EFFECT OF A CHANGE IN CONTROL
 
6.1    New Term of Employment. Notwithstanding anything to the contrary in this Agreement, upon the occurrence of a Change in Control, as defined in Appendix A, during the Employment Period, the Company (or its successor) shall renew this Agreement for a period of two years commencing on the date of the Change in Control and ending on the second anniversary of the date of the Change in Control.
 
6.2    Acceleration of Options. Notwithstanding anything to the contrary in any of the Option Documents, as defined in Appendix A, upon a Change in Control, all outstanding stock options granted by the Company or any of its affiliates to the Executive shall become fully vested and immediately exercisable on the date of the Change in Control.
 
6.3    Right of Termination. Notwithstanding anything to the contrary in this Agreement, during a thirty-day period commencing on the first anniversary of the date of the Change in Control, the Executive shall have the right to resign from his employment with the Company (or its successor) for any reason and receive an amount equal to (i) one times the amount of his Base Salary, as is then in effect, plus (ii) one times the average of the Annual Bonuses paid to the Executive for the two years immediately prior to the year in which such resignation occurs; provided, however, that, if such resignation constitutes an Involuntary Termination, Section 5.1 shall apply (in lieu of this Section 6.3).

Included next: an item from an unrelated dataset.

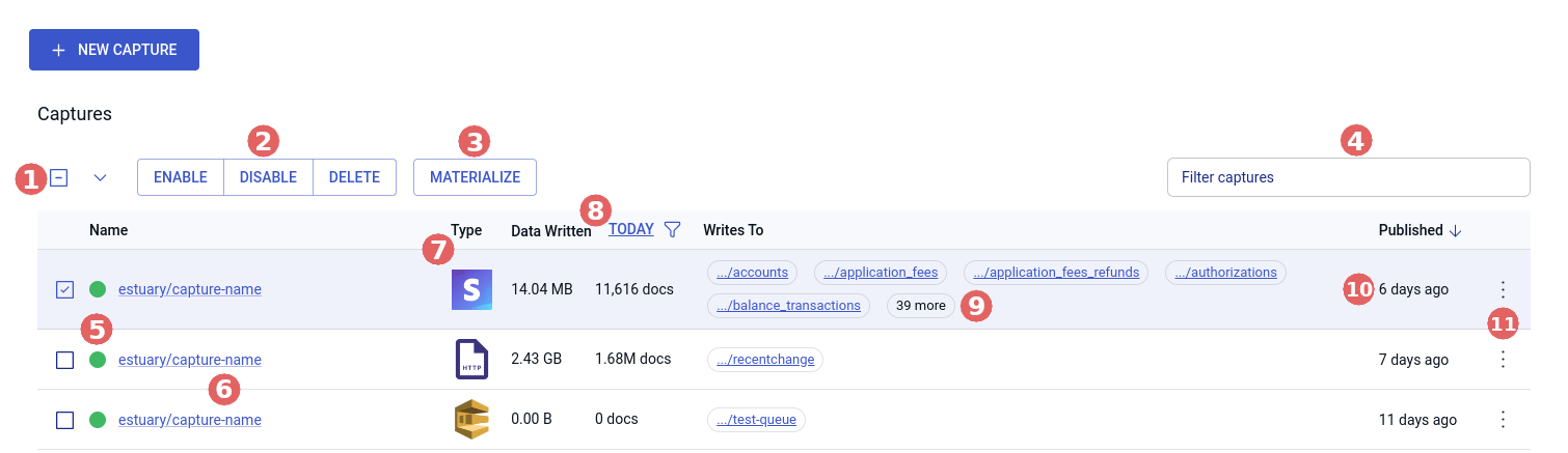 9: Associated collections. The Writes to column shows all the collections to which the capture writes data. For captures with a large number of collections, there is a chip stating how many collections are hidden. Clicking on this will allow you to hover over this column and scroll to view the full list. These also link to the details page of the collection.

All payments made under this Section 6.3 shall be made by the Company (or its successor) in a lump-sum amount no later than thirty days after the date of the Executive’s termination of employment; provided, however, that the payment of such lump sum shall be deferred for six months and one day following such termination (i) if necessary to comply with Section 409A of the Code or (ii) in the event such payment, as determined in the sole discretion of the Company (or its successor), could cause the Executive to be subject to interest and penalties under Section 409A of the Code.
 
 
7.
REDUCTION OF PAYMENTS
 
If any amounts due to the Executive under this Agreement and any other agreement, plan or arrangement of or with the Company or any of its affiliates constitute a “parachute payment” as such term is defined in Section 280G(b)(2) of the Code, and the amount of the parachute payment, reduced by all federal, state and local taxes applicable thereto, including the excise tax imposed pursuant to Section 4999 of the Code, is less than the amount the Executive would receive if he was paid three times his “base amount”, as defined in Section 280G(b)(3) of the Code, less $1.00, reduced by all federal, state and local taxes applicable thereto, then the aggregate of the amounts constituting the parachute payment will be reduced (or returned by the Executive if it has already been paid to him) to an amount that will equal three times the Executive’s base amount less $1.00. Any determination to be made with respect to this Section 7 shall be made by an accounting firm jointly selected by the Company and the Executive and paid for by the Company, and which may be the Company’s independent auditors.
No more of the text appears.